You might be a bit concerned about the store/load, but I wouldn’t worry about it too much, we don’t really have
to wait for it, store forwarding should save us here. Purely out of curiosity, we
still decided to see if we can persuade the compiler to generate a bit tighter code. One thing that was tried was
moving *volatile*:

```
volatile float BIG_C = 25165824.0f;
[...]
float z = (x + BIG_C);
x = x - (z - BIG_C);
```

That was enough to fool MSVC:

```
1movaps xmm2,xmm0
2addss xmm2,dword ptr [BIG_C (07FF60EB6A008h)]
3movss xmm1,dword ptr [BIG_C (07FF60EB6A008h)]
4subss xmm2,xmm1
5subss xmm0,xmm2
```

…but Clang could see right through our ruse, that one caused a bit of head scratching, it actually left some of the code, but removed the bit where we divide by *PI*
(*mulsd* in one of the snippets above):

```
1foo(float): # @foo(float)
2 movss xmm1, dword ptr [rip + BIG_C] # xmm1 = mem[0],zero,zero,zero
3 movss xmm0, dword ptr [rip + BIG_C] # xmm0 = mem[0],zero,zero,zero
4 subss xmm0, xmm1
```

Why?
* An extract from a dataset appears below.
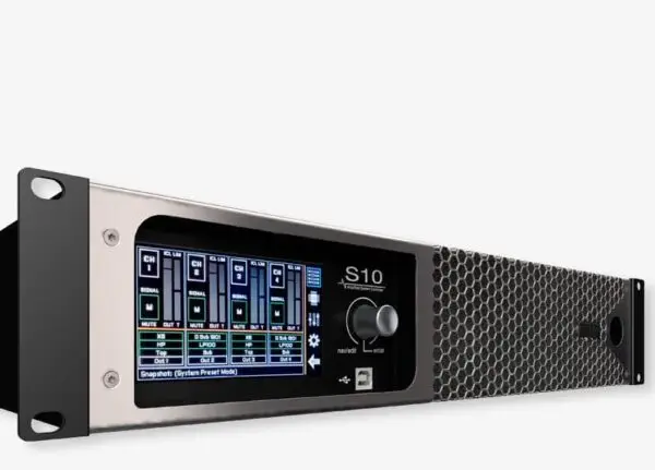 | Interfacce | 4 x XLR analogici/AES3 (commutabili), 4 SpeakON™NL4, PowerCON™16A, PowerCON™32 A (S20), Due porte di controllo Ethernet RJ45 con switch (con funzionalità loop-through), Porta USB 2.0 tipo B |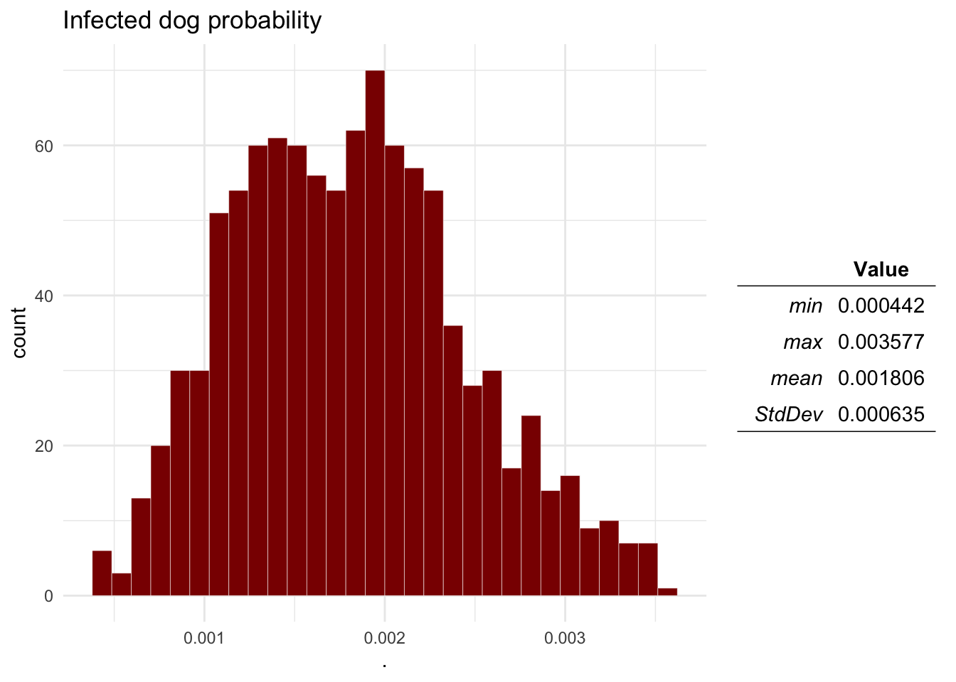 ra_plotDist(Mo$O3, main = 'Infected dog probability') # Infected

Well, it was smart enough to notice the expression is something like:

`x = x - (x + C - C) = (x + C) - (x + C)`

*x*is. We asked to load

*C*, so it did that, but

*only*that. Well played, Clang/GCC, well played.

It didn’t really matter all that much, as mentioned, it was purely a fun exercise, but I was still quite impressed.